Remember to reload PostgreSQL configuration after changes: SELECT pg_reload_conf(); or restart the service.

Install pgBadger:

# On Debian/Ubuntu
sudo apt update && sudo apt install pgbadger

# Or from source: https://github.com/dalibo/pgbadger

Run pgBadger:

# Assuming logs are in /var/lib/postgresql/14/main/log/
# Rotate logs first if not using logrotate
# Example: Concatenate logs for a specific day
cat /var/lib/postgresql/14/main/log/postgresql-*.log > /tmp/postgres_all.log

# Run pgbadger
pgbadger /tmp/postgres_all.log -o /var/www/html/pg_report.html --format html --UTF-8

Schedule this command using cron to run daily or weekly.

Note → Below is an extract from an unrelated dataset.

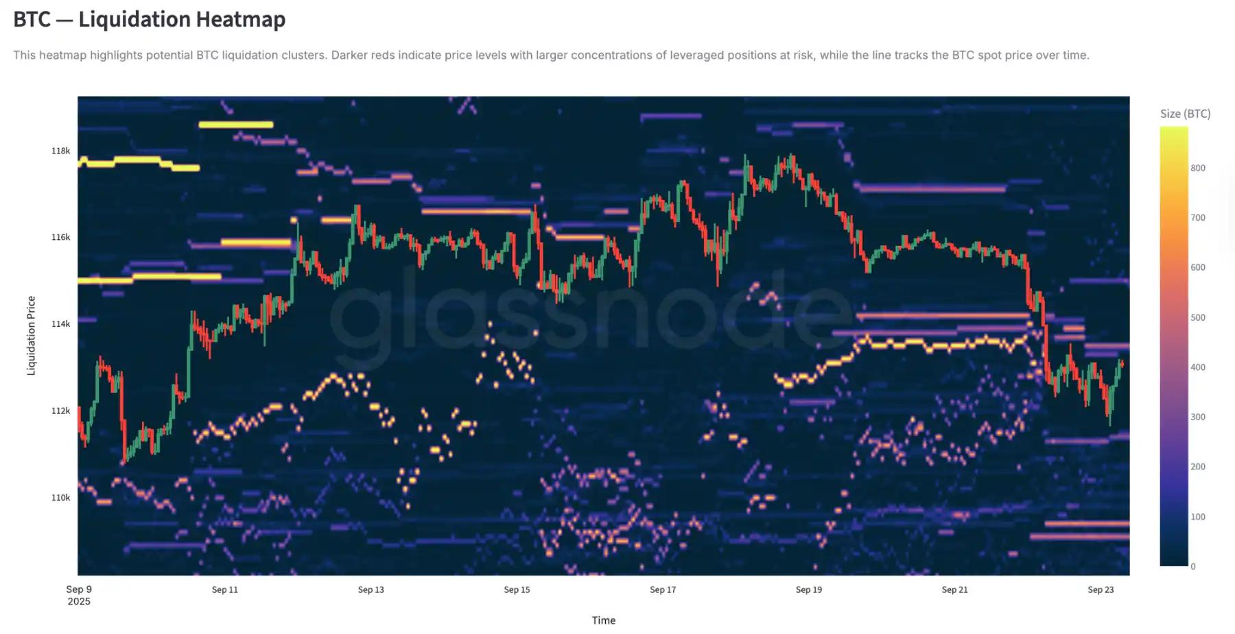 永续合约清算热力图提供了更多细节。当价格跌破 11.4 万至 11.2 万美元区间时,密集的杠杆多头集群被清除,导致大量清算并加速下行。风险口袋仍存在于 11.7 万美元上方,使得市场双向都容易受到流动性驱动波动的影响。在没有更强需求的情况下,这些水平附近的脆弱性增加了进一步剧烈波动的风险。

The generated HTML report provides insights into:

Top N slowest queries
Most frequent queries
Queries with the highest total execution time
Connection/disconnection patterns
Temporary file usage
Index usage and bloat
Error analysis

Integrating pgBadger Reports with Monitoring

While pgBadger provides static reports, you can extract key metrics for real-time dashboards:

Custom Scripts: Parse the pgBadger output (or its JSON output if configured) to extract specific metrics (e.g., number of slow queries, top query execution time) and expose them via a custom exporter for Prometheus or push them to your logging system.
Alerting on Trends: Set up alerts based on trends identified by pgBadger, such as a sudden increase in slow queries or index bloat. This often involves comparing current report metrics against historical baselines.

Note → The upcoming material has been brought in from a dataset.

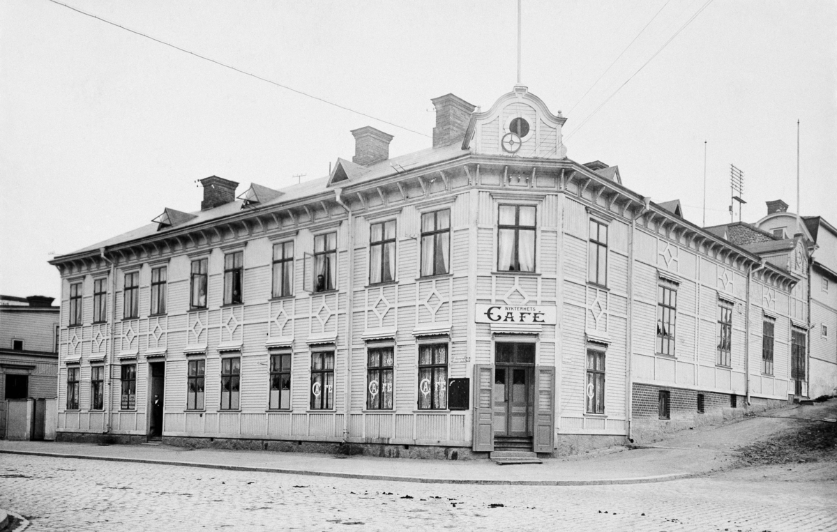 Text som syns på bild "Nykterhets Cafè". Enlig upppgift "125 an", i hörnet Storgatan-Klockgjutargatan (nu Hovrättsbacken).

Application-Level Monitoring for Perl Apps

Database monitoring is only half the battle. Understanding how your Perl application interacts with PostgreSQL and its own performance is equally critical. This involves instrumenting your application code.

Using `DBI` Profiling

The DBI module in Perl offers built-in profiling capabilities that can help identify slow database interactions within your application code.

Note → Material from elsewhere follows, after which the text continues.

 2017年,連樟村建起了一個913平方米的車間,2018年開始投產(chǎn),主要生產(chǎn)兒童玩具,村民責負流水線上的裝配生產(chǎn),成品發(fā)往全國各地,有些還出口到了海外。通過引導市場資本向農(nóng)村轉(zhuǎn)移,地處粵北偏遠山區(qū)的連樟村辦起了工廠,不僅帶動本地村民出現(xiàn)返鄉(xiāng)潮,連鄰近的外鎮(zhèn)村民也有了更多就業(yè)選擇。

Enable Profiling: You can enable profiling globally or per-connection. For specific scripts, you can set the PERLDB environment variable or use DBI->trace_callbacks.

# Example: Enable tracing for a specific connection
use DBI;
my $dbh = DBI->connect("dbi:Pg:dbname=mydb", "user", "pass", {
    RaiseError => 1,
    PrintError => 0,
    AutoCommit => 1,
    TraceError => 1, # Trace errors
    Trace      => 9, # Trace level (0-9)
});

# Or using callbacks for more granular control
$dbh->trace_callbacks(1);
$dbh->trace(9, sub {
    my ($pkg, $sub, $msg) = @_;
    # Log or process the trace message
    print STDERR "DBI Trace: $pkg->$sub: $msg\n";
});

# Execute queries...
my $sth = $dbh->prepare("SELECT * FROM some_table WHERE id = ?");
$sth->execute(123);
while (my $row = $sth->fetchrow_hashref) {
    # Process row
}

$dbh->trace_callbacks(0); # Disable callbacks

The output of DBI->trace can be verbose. Directing it to a file and then analyzing it (perhaps using custom scripts or log aggregation tools) is recommended. This helps pinpoint which parts of your Perl application are making slow or frequent database calls.

Application Performance Monitoring (APM) Tools

For more sophisticated application-level monitoring, consider integrating with APM solutions. While dedicated Perl APM agents might be less common than for other languages, you can often achieve similar results by:

Custom Metrics: Instrument your Perl code to emit custom metrics (e.g., number of queries per request, average query time, connection pool usage) using libraries like Prometheus::Client or by sending data to a StatsD endpoint.
Log Correlation: Ensure your application logs include unique request IDs that are also passed to PostgreSQL (via application_name in the connection string). This allows you to correlate application behavior with specific database queries identified by pgBadger or the Perl health check script.

# Example: Setting application_name in connection string
my $app_name = "my_perl_app_v1.2.3_" . get_request_id(); # Assuming get_request_id() provides a unique ID
my $dsn = "DBI:Pg:host=$config->{host};port=$config->{port};dbname=$config->{database};application_name=$app_name";
my $dbh = DBI->connect($dsn, $config->{user}, $config->{password}, { ... });

By combining proactive PostgreSQL health checks, historical log analysis with pgBadger, and application-level instrumentation, you can build a robust monitoring system tailored for your Perl applications and PostgreSQL clusters on OVH, ensuring high availability and performance.